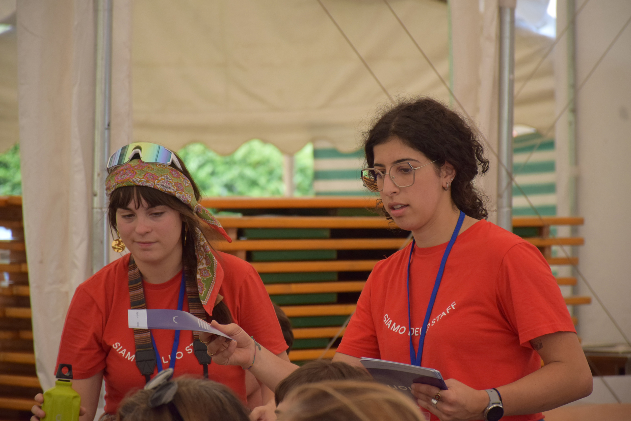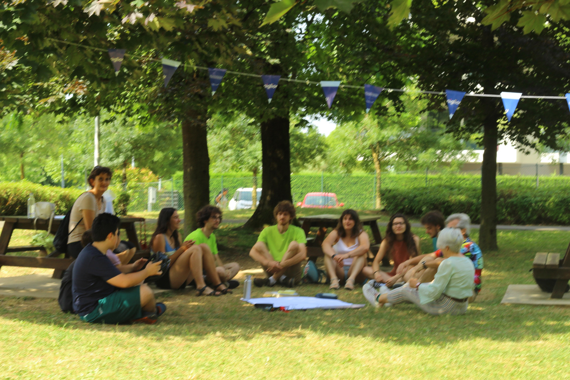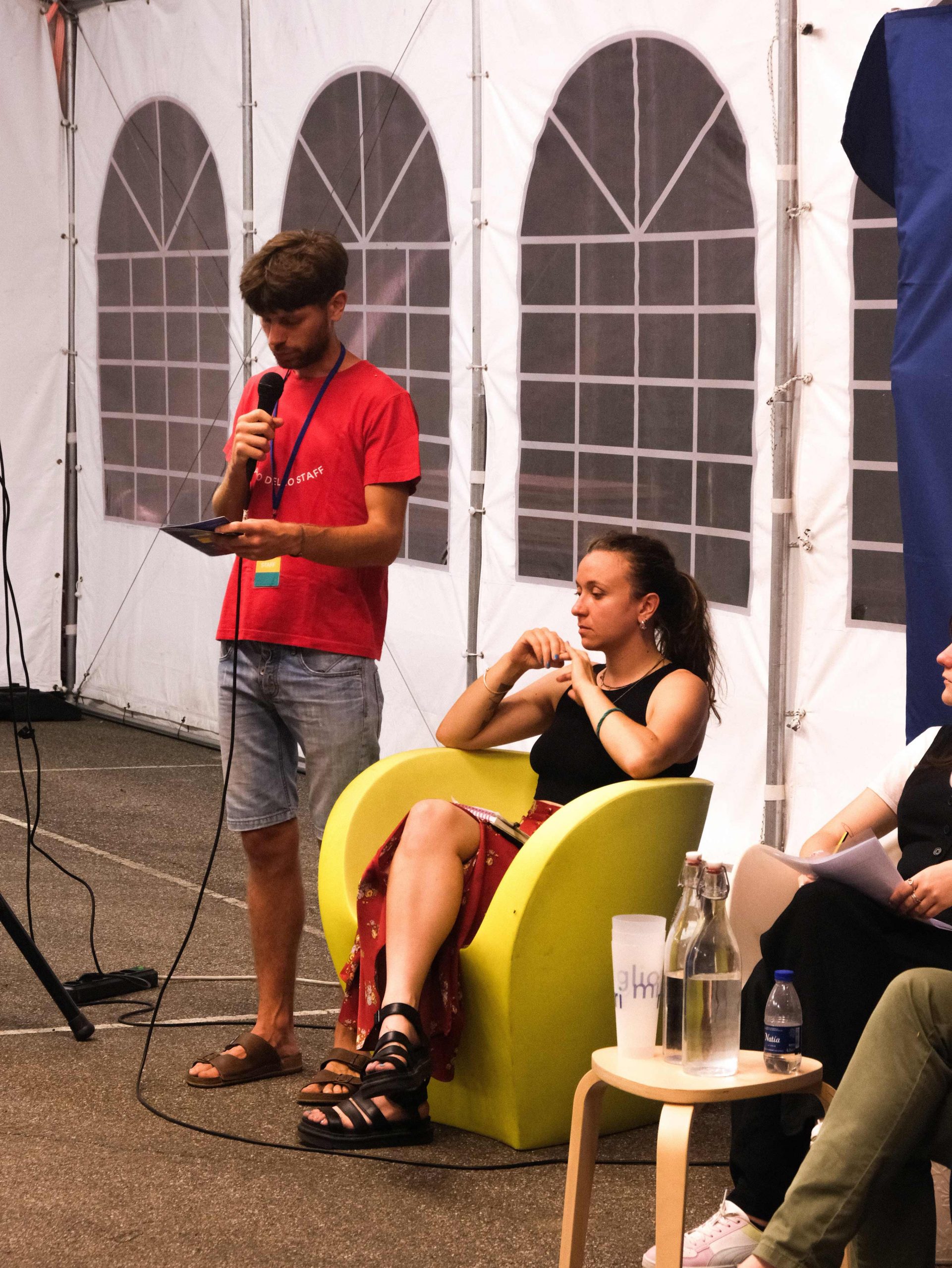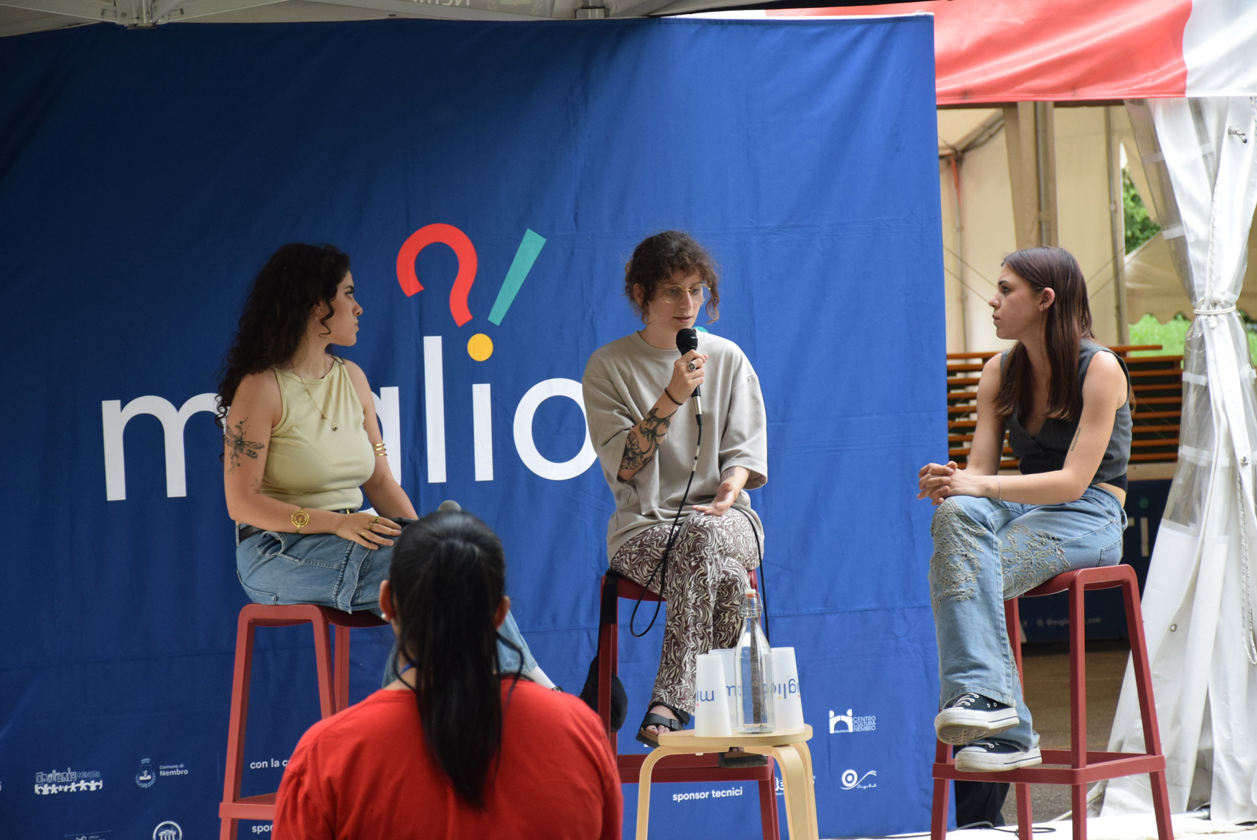 Dopo ore sfiancanti di montaggio, il parco è pronto ad accogliere giovani, famiglie e cittadinɜ che vogliono immergersi in questo spazio vivo e vivace: all'ingresso non può che esserci il gazebo blu; appesi tutto intorno si notano cartelli per arrivare ad ogni dove; tesi tra gli alberi sventolano festoni artigianali; tra il verde risaltano striscioni con inni di libertà. Così si apre il Festival! Vengono inaugurate la rassegna di ritratti dal titolo “Personale e collettivo” di Francesca Pelliccioli, e la mostra fotografica di Gaia Orlando, intitolata “Cosa vedi all’orizzonte”. Le loro opere sbucano tra le siepi del parco, dove la gente inizia a passeggiare e osservare. La Mappa del Cuore, dove lɜ visitatorɜ del parco possono indicare i luoghi in cui si sentono più felici e dove trascorrono il loro tempo con persone care, comincia a riempirsi di tanti piccoli adesivi tondi e colorati. Dietro le quinte (ma neanche troppo) tante apette in maglietta rossa si muovono frenetiche per risolvere in fretta ogni piccolo impiccio...
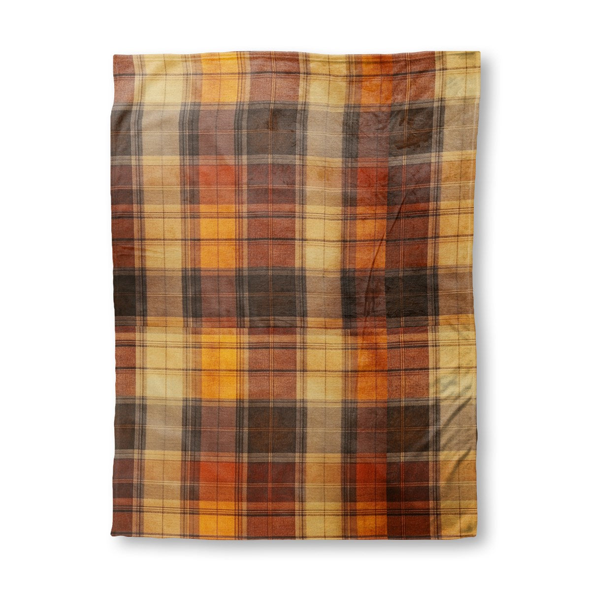 A close-up of a textured plaid fabric in a warm, autumnal color palette. The classic tartan pattern features intersecting stripes of brown, orange, mustard yellow, and beige, creating a cozy and rustic look.
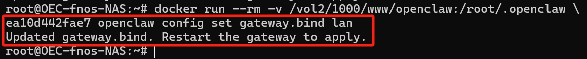 docker run --rm -v [你的路径]:/root/.openclaw \ [镜像ID] openclaw config set gateway.bind lan
--
■ **TASK DIRECTIONS**: With the pictures removed, return the full listing exactly as given.

■ **WRITTEN RESPONSE**:
 Dopo ore sfiancanti di montaggio, il parco è pronto ad accogliere giovani, famiglie e cittadinɜ che vogliono immergersi in questo spazio vivo e vivace: all'ingresso non può che esserci il gazebo blu; appesi tutto intorno si notano cartelli per arrivare ad ogni dove; tesi tra gli alberi sventolano festoni artigianali; tra il verde risaltano striscioni con inni di libertà. Così si apre il Festival! Vengono inaugurate la rassegna di ritratti dal titolo “Personale e collettivo” di Francesca Pelliccioli, e la mostra fotografica di Gaia Orlando, intitolata “Cosa vedi all’orizzonte”. Le loro opere sbucano tra le siepi del parco, dove la gente inizia a passeggiare e osservare. La Mappa del Cuore, dove lɜ visitatorɜ del parco possono indicare i luoghi in cui si sentono più felici e dove trascorrono il loro tempo con persone care, comincia a riempirsi di tanti piccoli adesivi tondi e colorati. Dietro le quinte (ma neanche troppo) tante apette in maglietta rossa si muovono frenetiche per risolvere in fretta ogni piccolo impiccio...
 A close-up of a textured plaid fabric in a warm, autumnal color palette. The classic tartan pattern features intersecting stripes of brown, orange, mustard yellow, and beige, creating a cozy and rustic look.
 docker run --rm -v [你的路径]:/root/.openclaw \ [镜像ID] openclaw config set gateway.bind lan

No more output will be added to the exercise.